Make a verbatim transcription of the records, without the pictures.

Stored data
○ ○ ○ ○ ○ ○ ○
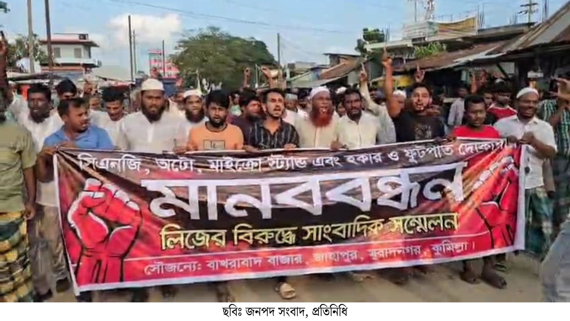 শনিবার বিকেলে মুরাদনগর-ইলিয়টগঞ্জ সড়কের বাখরাবাদ বাজারে এই মানববন্ধন ও বিক্ষোভ সমাবেশ করা হয়।
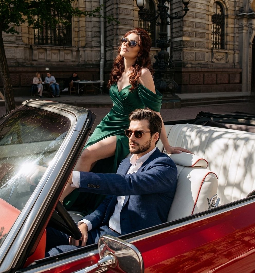 - Ретро-автомобили: ГАЗ-21 «Волга», старый Mustang или Porsche 356, или VW «Жук» в ретро стиле, идеально впишутся в винтажную или классическую свадьбу. Это история не про скорость, а про характер и эффектные кадры.
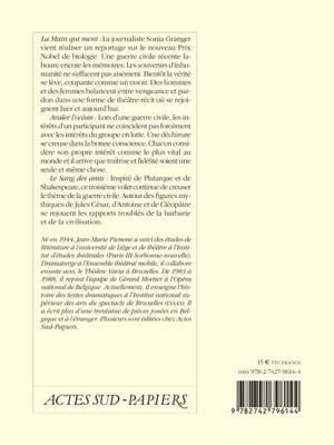 «La Main qui ment»: La journaliste Sonia Granger vient réaliser un reportage sur le nouveau Prix Nobel de biologie. Une guerre civile récente laboure encore les mémoires. Les souvenirs d'inhumanité ne s'effacent pas aisément. Bientôt la vérité se lève, coupante comme un rasoir. Des hommes et des femmes balancent entre vengeance et pardon dans une forme de théâtre-récit où se rejoignent hier et aujourd'hui.
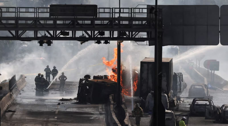 Read MoreEl vehículo volcó en una ruta de Santiago y otros siete autos fueron consumidos por las llamas. Un camión que
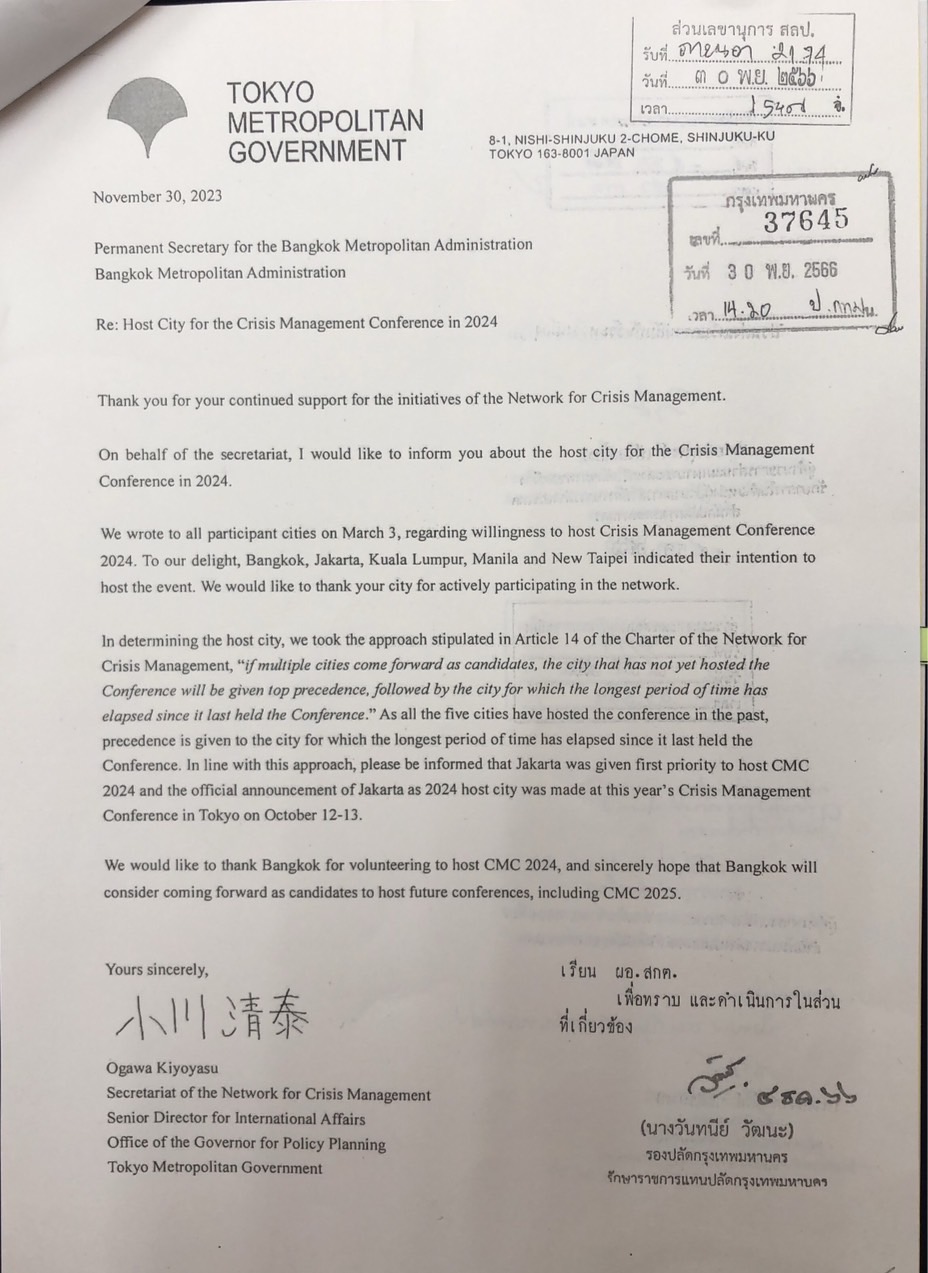 992023-12-21 00:00:00.000000097.000.00กรุงโตเกียว ประเทศญี่ปุ่น มีหนังสือลงวันที่ 30 พฤศจิกายน 2566 เรียนปลัดกรุงเทพมหานคร แจ้งเรื่องเมืองเจ้าภาพการจัดประชุม Crisis Management Conference 2024 (CMC2024) โดยพิจารณาตามกฎบัตรแล้ว จึงประกาศผล เมืองจาร์กาตา สาธารณรัฐอินโดนิเซีย ได้สิทธิจัดประชุมฯ
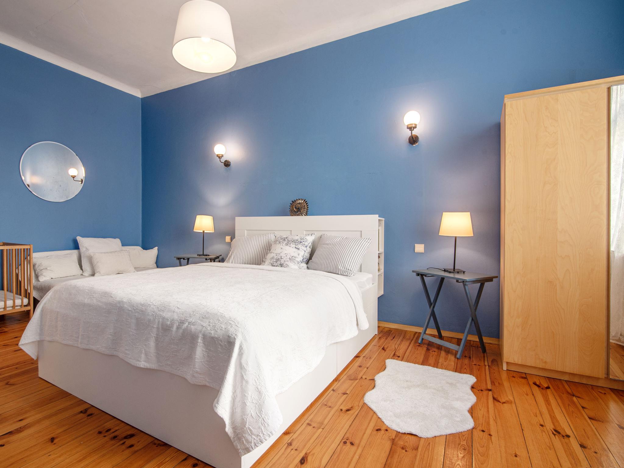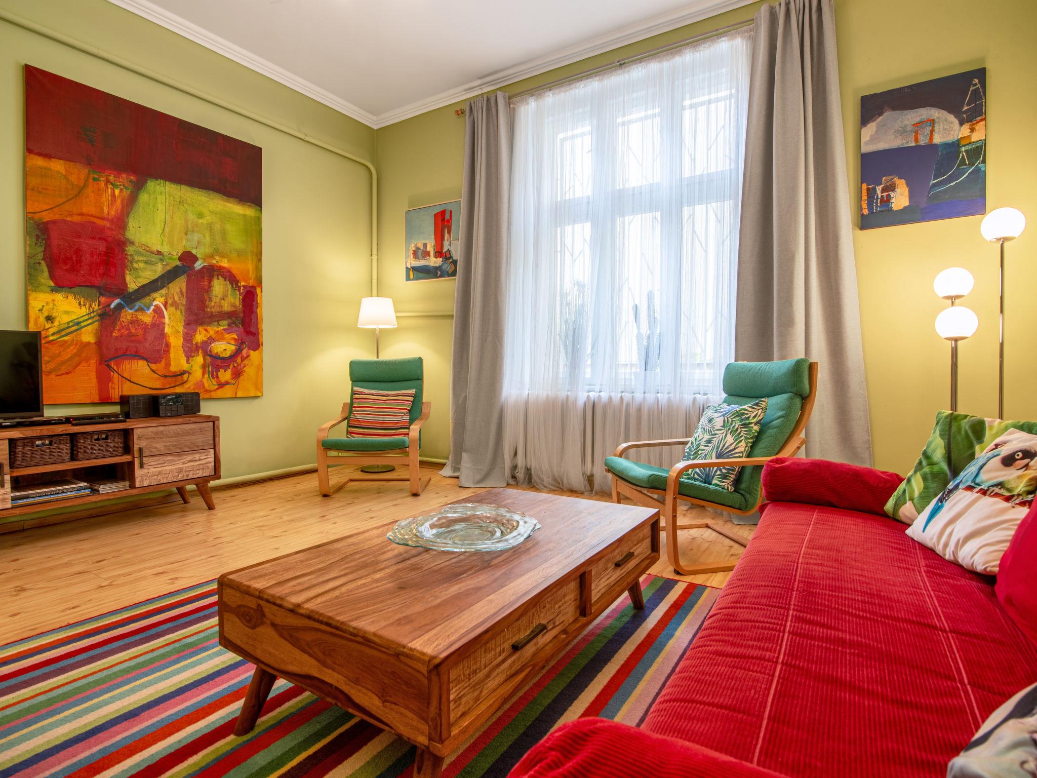 4-room apartment 97 m2, on the ground floor. Comfortable and beautiful furnishings: living room 20 m2 with cable TV, video, radio and DVD. 1 room 20 m2 with 2 beds (90 cm, length 200 cm). 1 room 19 m2 with 1 french bed (160 cm, length 200 cm). 1 small room 5 m2 with 1 bed (90 cm). Kitchen (4 hot plates, oven, electric coffee machine) with dining table. Shower/WC. Gas heating. Facilities: washing machine, children's high chair, baby cot for up to 3 year olds, hair dryer. Internet (WiFi, free). Please note: maximum 1 pet/ dog allowed. Smoke alarm. IMPORTANT: Deposit 800 PLN.
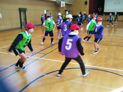 5−1の体育です。校長先生の出前授業で「サッカー型のゲーム」の学習をしています。
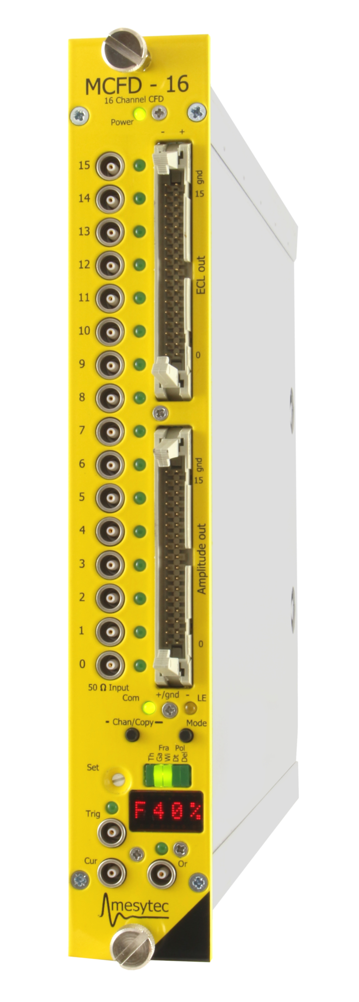 mesytec MCFD-16 is an easy to use, fast 16 channel constant fraction discriminator (CFD) for high timing resolution applications. It provides fast amplifiers at the inputs which can be set for input polarity and gains. The amplifier outputs are split to the CFD unit and are available as unipolar or differential signals (configurable) at an output connector. The discriminator signals are available as ECL differential outputs at a 34 pin header connector. In differential mode, the analogue outputs allow to drive long twisted pair cables to introduce the necessary delay needed for charge sensitive ADCs (QDCs). A fast pattern processing is implemented, well suited to produce complex triggers from input coincidences. An optimised type (MCFD-16-fast) for signal rise times below 2 ns is available.
○ ○ ○ ○ ○ ○ ○
Solution to the exercise:
 শনিবার বিকেলে মুরাদনগর-ইলিয়টগঞ্জ সড়কের বাখরাবাদ বাজারে এই মানববন্ধন ও বিক্ষোভ সমাবেশ করা হয়।
 - Ретро-автомобили: ГАЗ-21 «Волга», старый Mustang или Porsche 356, или VW «Жук» в ретро стиле, идеально впишутся в винтажную или классическую свадьбу. Это история не про скорость, а про характер и эффектные кадры.
 «La Main qui ment»: La journaliste Sonia Granger vient réaliser un reportage sur le nouveau Prix Nobel de biologie. Une guerre civile récente laboure encore les mémoires. Les souvenirs d'inhumanité ne s'effacent pas aisément. Bientôt la vérité se lève, coupante comme un rasoir. Des hommes et des femmes balancent entre vengeance et pardon dans une forme de théâtre-récit où se rejoignent hier et aujourd'hui.
 Read MoreEl vehículo volcó en una ruta de Santiago y otros siete autos fueron consumidos por las llamas. Un camión que
 992023-12-21 00:00:00.000000097.000.00กรุงโตเกียว ประเทศญี่ปุ่น มีหนังสือลงวันที่ 30 พฤศจิกายน 2566 เรียนปลัดกรุงเทพมหานคร แจ้งเรื่องเมืองเจ้าภาพการจัดประชุม Crisis Management Conference 2024 (CMC2024) โดยพิจารณาตามกฎบัตรแล้ว จึงประกาศผล เมืองจาร์กาตา สาธารณรัฐอินโดนิเซีย ได้สิทธิจัดประชุมฯ
 4-room apartment 97 m2, on the ground floor. Comfortable and beautiful furnishings: living room 20 m2 with cable TV, video, radio and DVD. 1 room 20 m2 with 2 beds (90 cm, length 200 cm). 1 room 19 m2 with 1 french bed (160 cm, length 200 cm). 1 small room 5 m2 with 1 bed (90 cm). Kitchen (4 hot plates, oven, electric coffee machine) with dining table. Shower/WC. Gas heating. Facilities: washing machine, children's high chair, baby cot for up to 3 year olds, hair dryer. Internet (WiFi, free). Please note: maximum 1 pet/ dog allowed. Smoke alarm. IMPORTANT: Deposit 800 PLN.
 5−1の体育です。校長先生の出前授業で「サッカー型のゲーム」の学習をしています。
 mesytec MCFD-16 is an easy to use, fast 16 channel constant fraction discriminator (CFD) for high timing resolution applications. It provides fast amplifiers at the inputs which can be set for input polarity and gains. The amplifier outputs are split to the CFD unit and are available as unipolar or differential signals (configurable) at an output connector. The discriminator signals are available as ECL differential outputs at a 34 pin header connector. In differential mode, the analogue outputs allow to drive long twisted pair cables to introduce the necessary delay needed for charge sensitive ADCs (QDCs). A fast pattern processing is implemented, well suited to produce complex triggers from input coincidences. An optimised type (MCFD-16-fast) for signal rise times below 2 ns is available.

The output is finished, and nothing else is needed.